Huckels-Baumgart Saskia, Baumgart André, Buschmann Ute, Schüpfer Guido, Manser Tanja
Department Wolhusen.
Department of Anesthesiology, Cantonal Hospital Lucerne, Lucerne, Switzerland.
J Patient Saf. 2021 Apr 1;17(3):e161-e168. doi: 10.1097/PTS.0000000000000335.
Interruptions and errors during the medication process are common, but published literature shows no evidence supporting whether separate medication rooms are an effective single intervention in reducing interruptions and errors during medication preparation in hospitals. We tested the hypothesis that the rate of interruptions and reported medication errors would decrease as a result of the introduction of separate medication rooms.
Our aim was to evaluate the effect of separate medication rooms on interruptions during medication preparation and on self-reported medication error rates.
We performed a preintervention and postintervention study using direct structured observation of nurses during medication preparation and daily structured medication error self-reporting of nurses by questionnaires in 2 wards at a major teaching hospital in Switzerland.
A volunteer sample of 42 nurses was observed preparing 1498 medications for 366 patients over 17 hours preintervention and postintervention on both wards.

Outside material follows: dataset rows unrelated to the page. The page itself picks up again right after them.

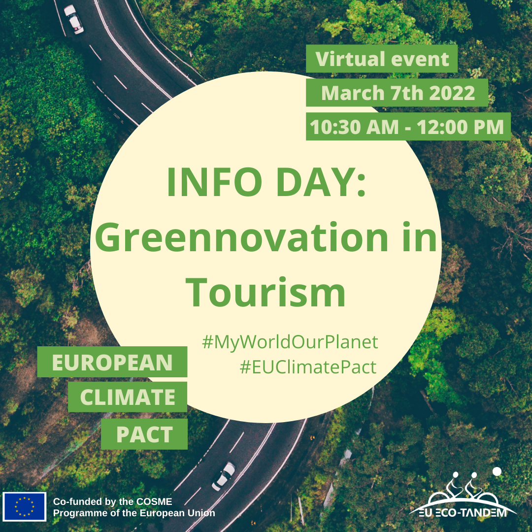 Už 7. marca 2022 o 10:30 predstavíme projekt EU ECO-TANDEM na podujatí „Greennovation in Tourism: Info Day“ v rámci satelitných podujatí Európskeho klimatického paktu!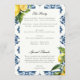 Lemon Citrus Positano italiano Bröllop Ceremony Program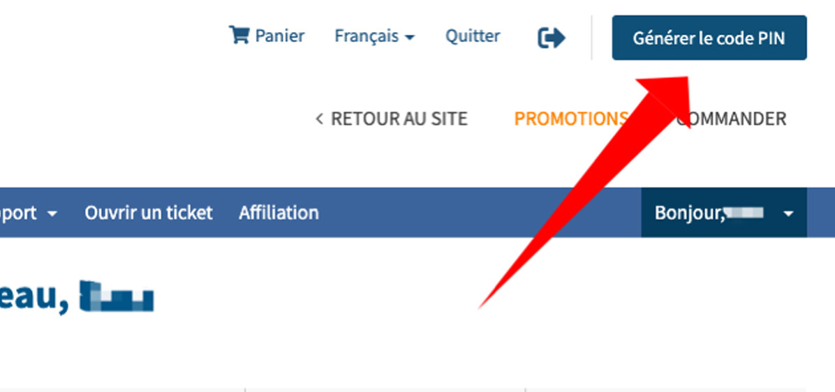 - Cliquez ensuite sur le bouton « Générer le code PIN » situé en haut de l’espace client.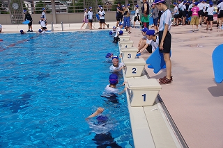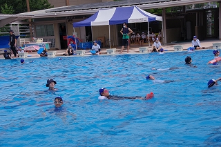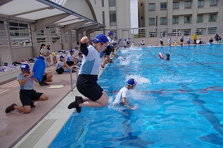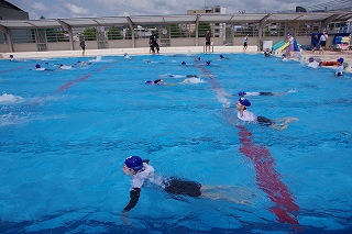 本校では5年生は平泳ぎを徹底して練習し、6年生ではクロールに挑戦します。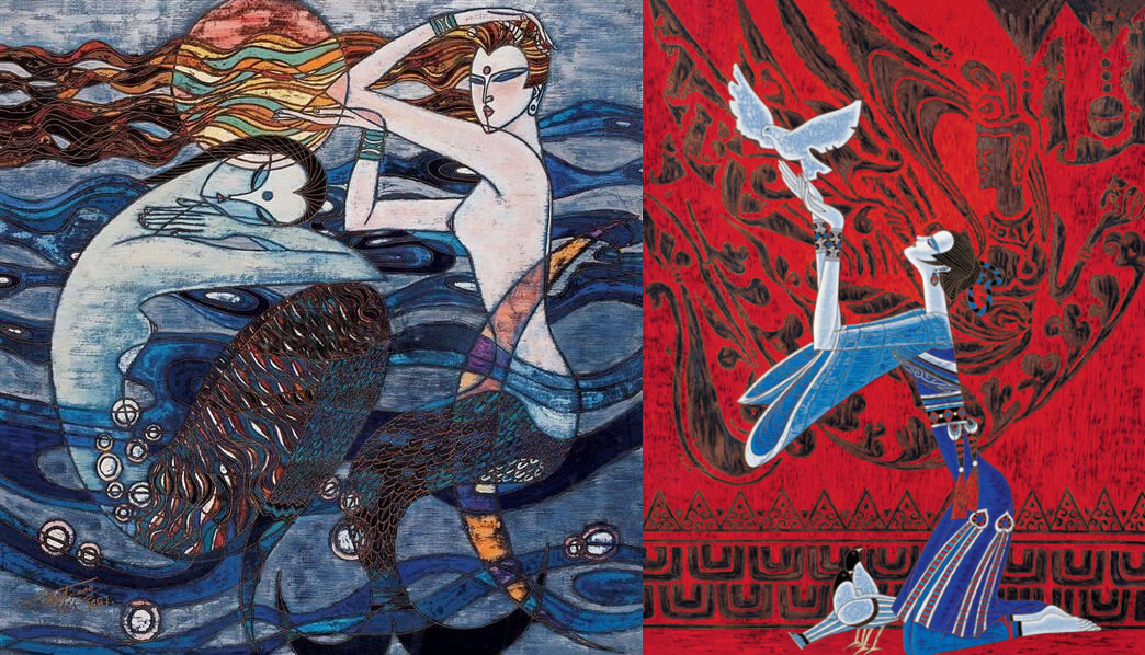丁绍光的画用我刚才概括的话就是 “用现代绘画语言来体现中国的传统文化”。比如他的代表作,1995年的《宗教与和平》,1991年的《晨》,其实画的就是云南的傣族的姑娘,傣族的文化,但是他用了现代的西方艺术语言,包括超现实主义、抽象主义、表现主义的绘画语言。比如他画的女性,身姿瘦长,我们自己的绘画语言没有这样的。还有1987年的《美人鱼》画的也是傣族的风情,绘画语言非常现代,不像中国画家画的,但西方人非常容易接受,因为现代主义的绘画对西方影响非常大。
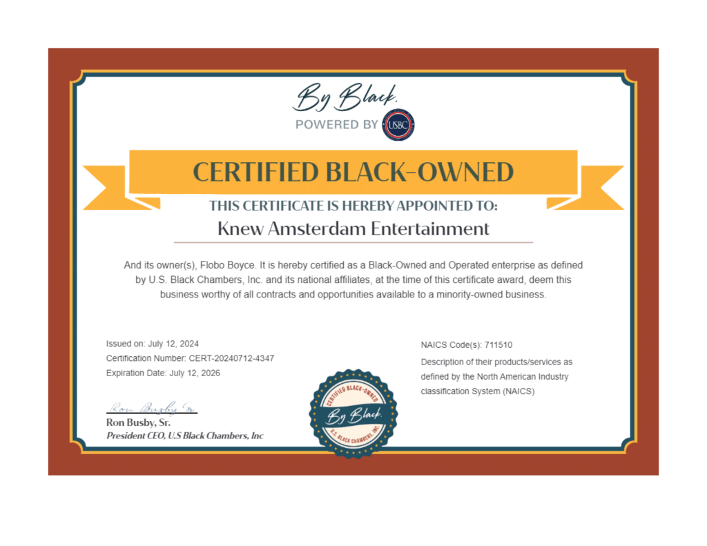 Over the past few weeks, I have been able to officially register my company, Knew Amsterdam Entertainment as a certified minority-owned business. While I’ve been told by my contemporaries that this would open the business to future opportunities, I am proud for a whole other reason.
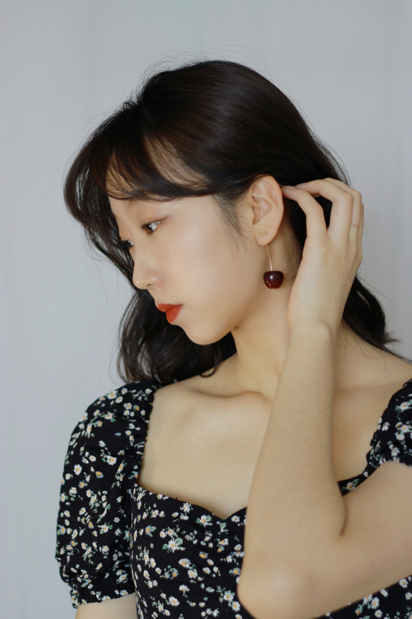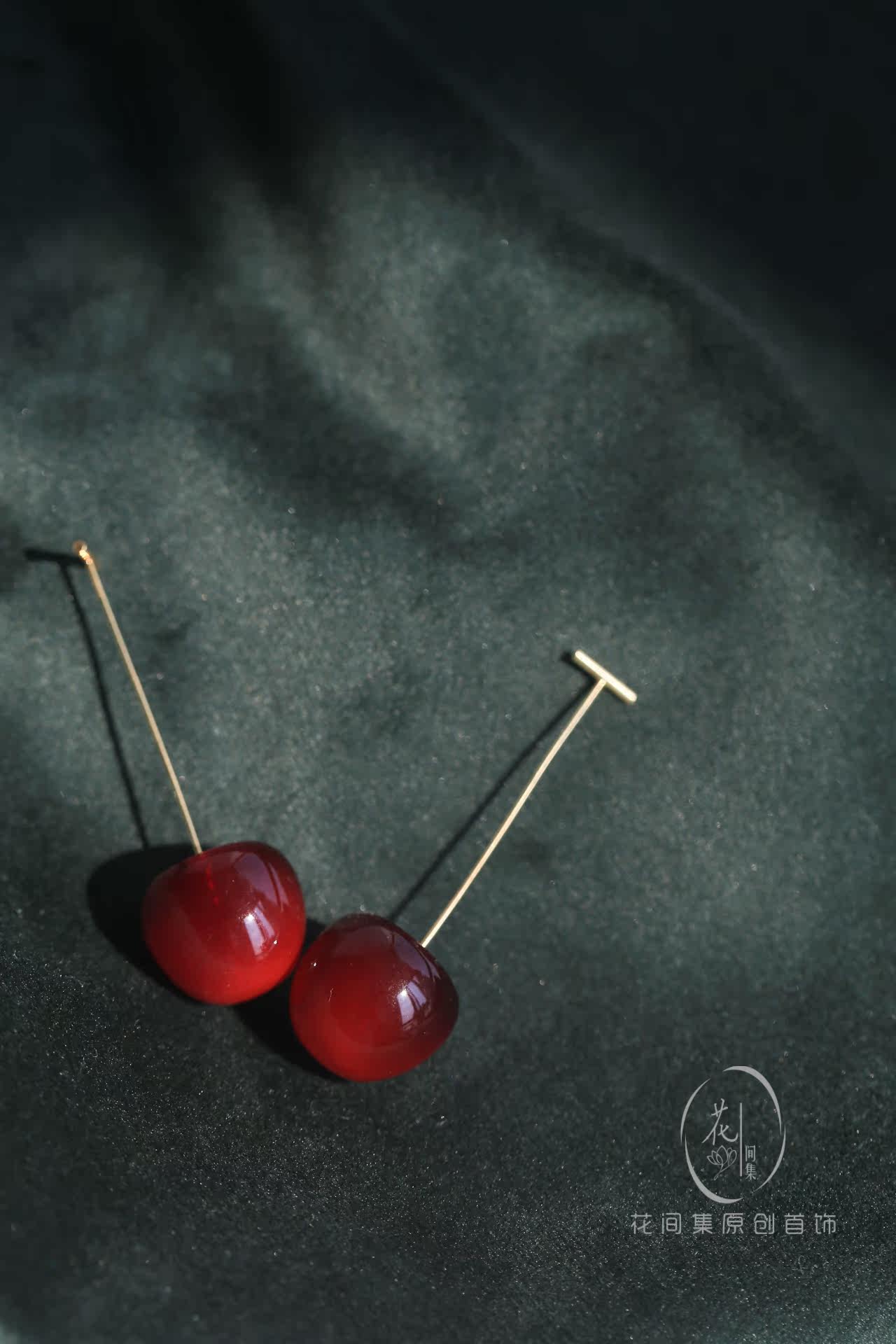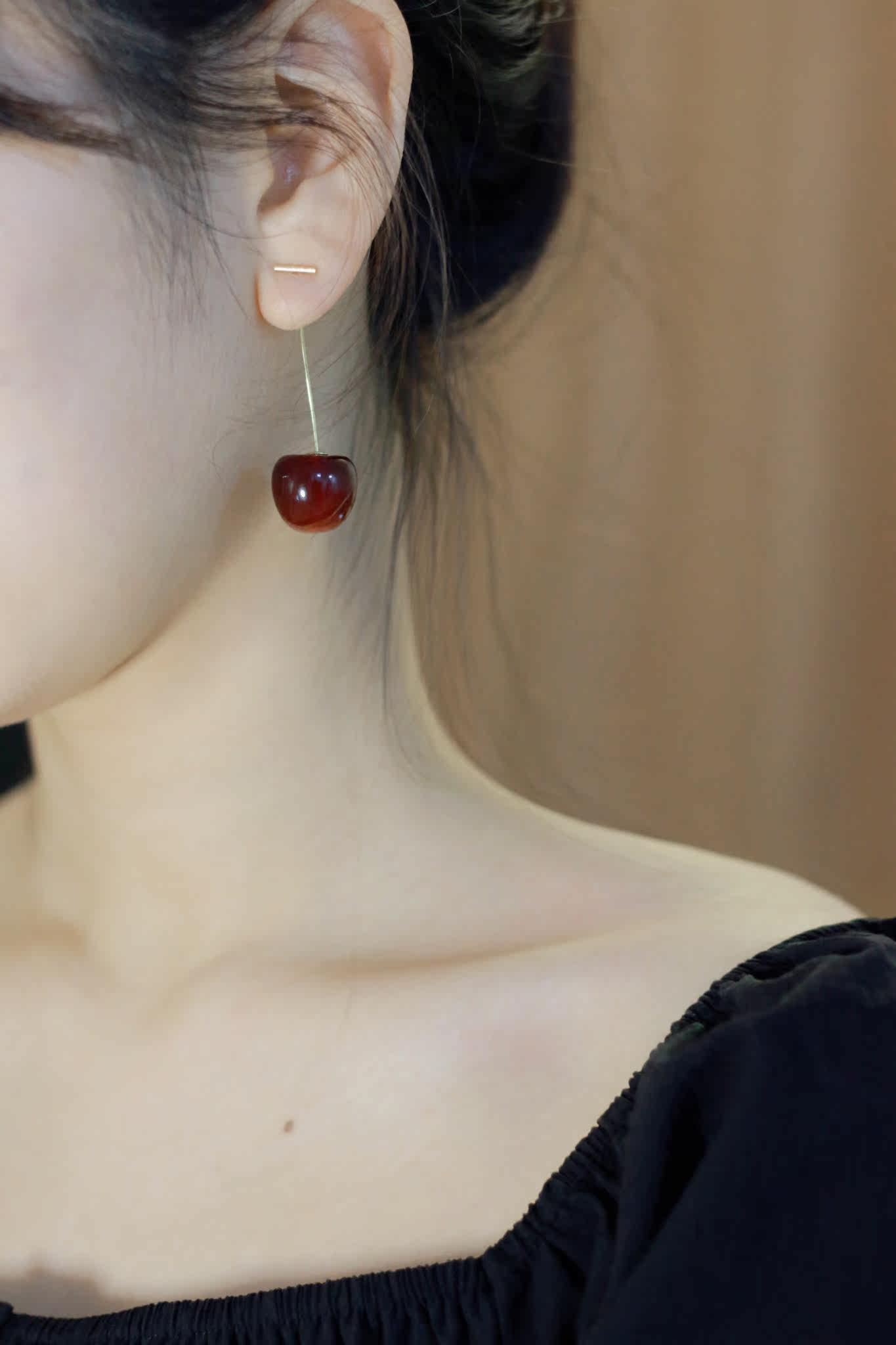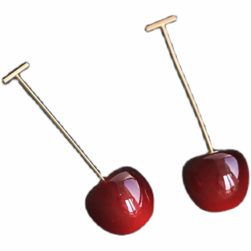 Flower Collection Winter Cherry Sterling Silver Gold Plated Burgundy Cherry Big Cherry Long Ear Pins Earrings Painless Ear Clips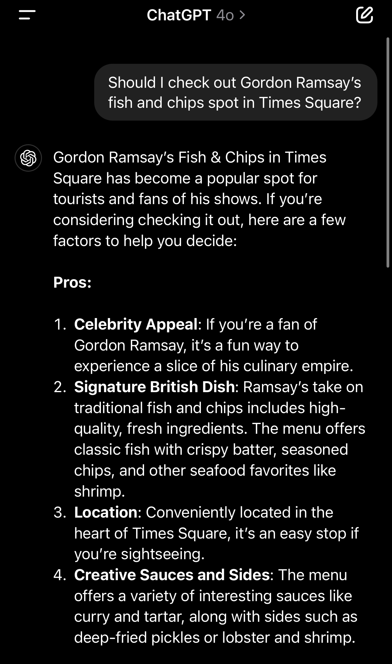 Let’s say you’re staying in Times Square. And you hear one of the world’s most famous chefs has a new restaurant. It’s called Gordon Ramsay Fish & Chips. If you ask ChatGPT about it, the answer is pretty clear: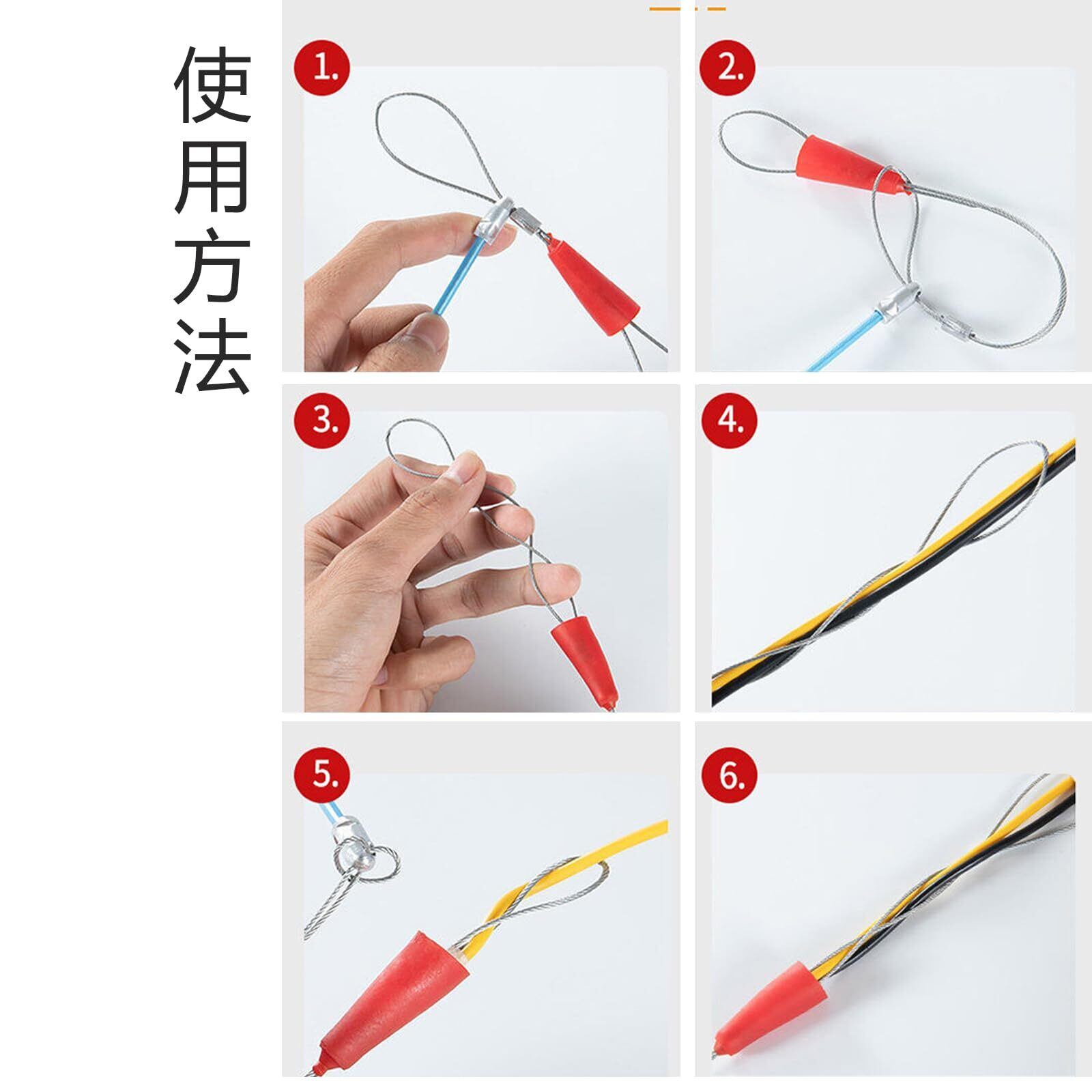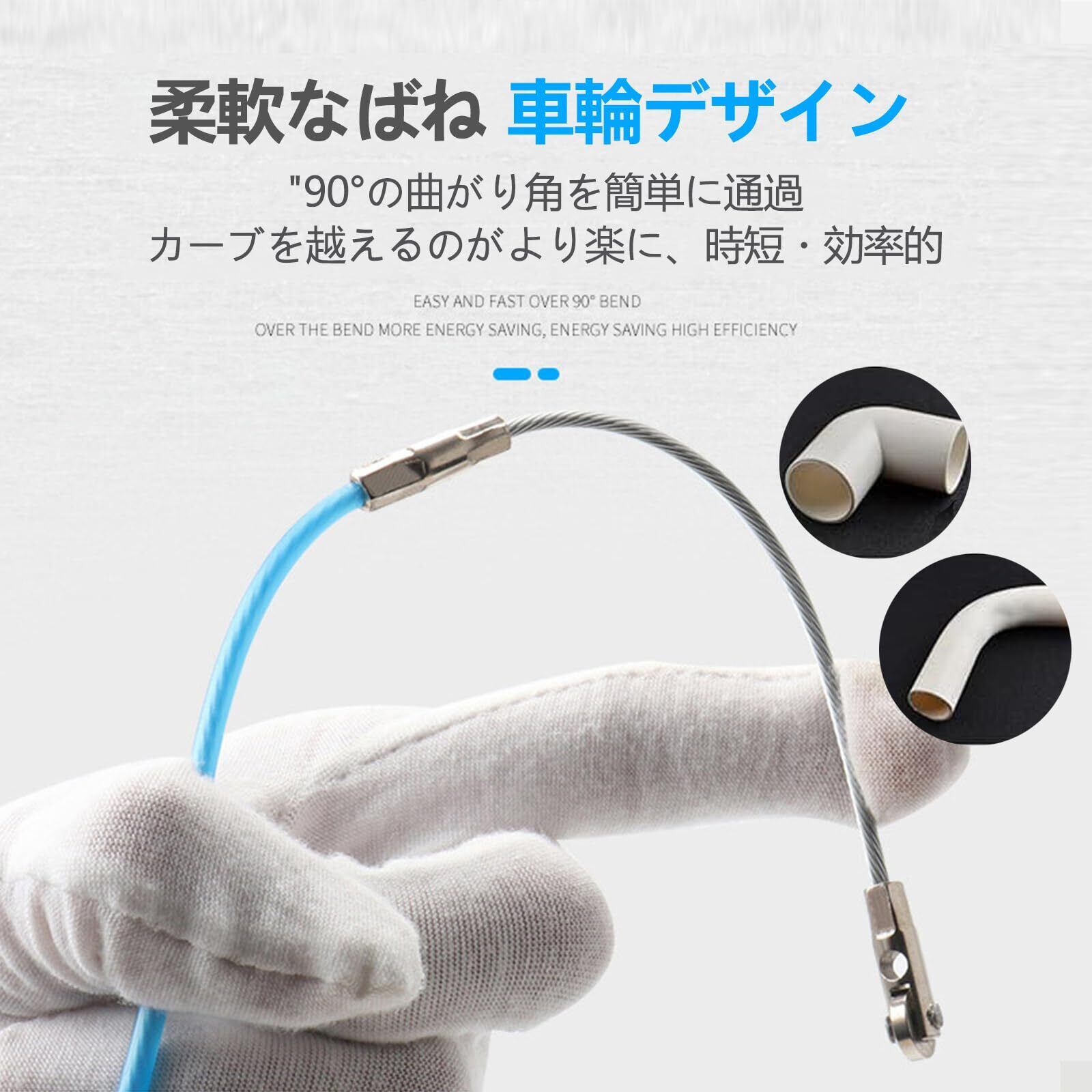 「この通線ワイヤーは、電線通しや配線通し、さらにはCD管やPF管の使用に最適です。柔軟性があり、また適度な硬さも持っているため、狭いスペースでもスムーズに操作できます。特に、曲がった部分でも扱いやすい設計が施されています。」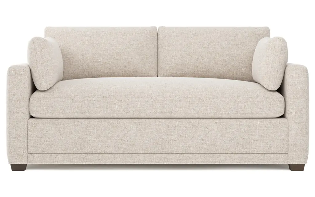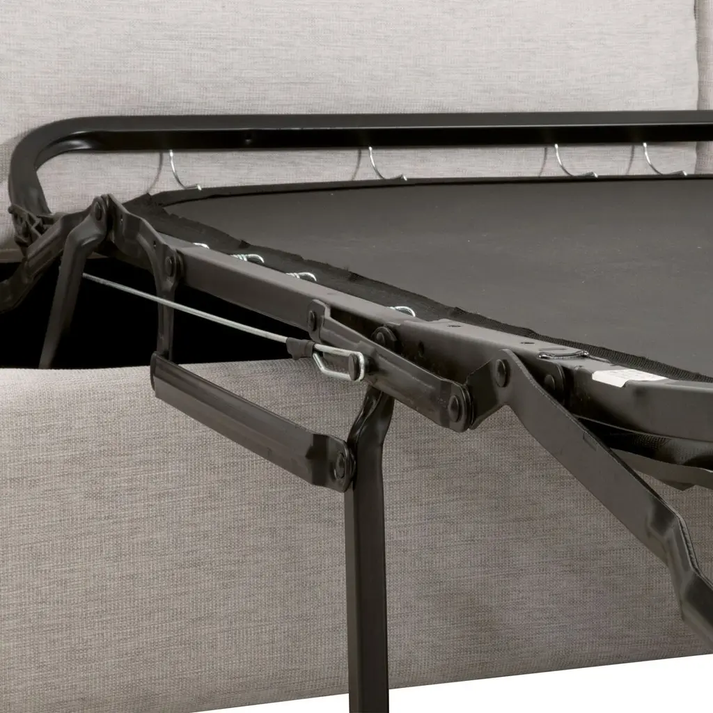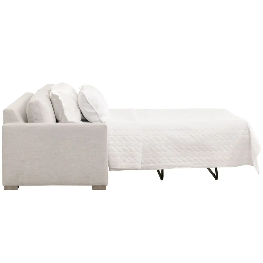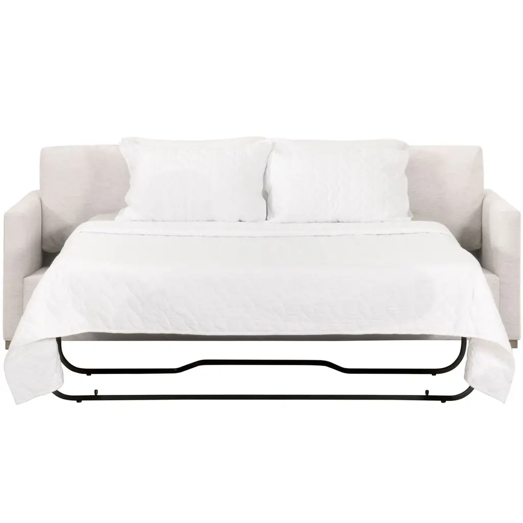 This transitional sleeper sofa is functional and durable. With its soft colors and simple design, this sofa is warm and inviting with a casual look and feel. It features one bench seat cushion and two throw pillows filled with 100% down. It is upholstered with a stain-resistant fabric for easy cleaning. The fabric is a perfect weave of light gray and white threading with a slightly textured look and feel. A pull-out bed is nicely tucked within the sofa and can be pulled out whenever an extra sleeping space in desired. The bed holds a queen-sized mattress that is sold separately.

During 122 days, nurses completed 694 reporting sheets containing 208 medication errors. After the introduction of the separate medication room, the mean interruption rate decreased significantly from 51.8 to 30 interruptions per hour (P < 0.01), and the interruption-free preparation time increased significantly from 1.4 to 2.5 minutes (P < 0.05). Overall, the mean medication error rate per day was also significantly reduced after implementation of the separate medication room from 1.3 to 0.9 errors per day (P < 0.05).
The present study showed the positive effect of a hospital-based intervention; after the introduction of the separate medication room, the interruption and medication error rates decreased significantly.
用药过程中的干扰和错误很常见,但已发表的文献没有证据支持单独的配药室是否是减少医院配药过程中干扰和错误的有效单一干预措施。我们检验了这样一个假设,即引入单独的配药室会使干扰率和报告的用药错误率降低。
我们的目的是评估单独的配药室对配药过程中干扰以及自我报告的用药错误率的影响。
我们在瑞士一家大型教学医院的两个病房进行了一项干预前和干预后的研究,通过对护士配药过程进行直接结构化观察以及通过问卷对护士进行每日结构化用药错误自我报告。
在干预前和干预后的17个小时内,对42名护士的志愿者样本进行了观察,他们为366名患者准备了1498剂药物。在122天里,护士们完成了694份报告表,其中包含208起用药错误。引入单独的配药室后,平均干扰率从每小时51.8次显著降至30次(P < 0.01),无干扰配药时间从1.4分钟显著增加至2.5分钟(P < 0.05)。总体而言,实施单独的配药室后,每天的平均用药错误率也从每天1.3次显著降至0.9次(P < 0.05)。
本研究显示了一项基于医院的干预措施的积极效果;引入单独的配药室后,干扰率和用药错误率显著降低。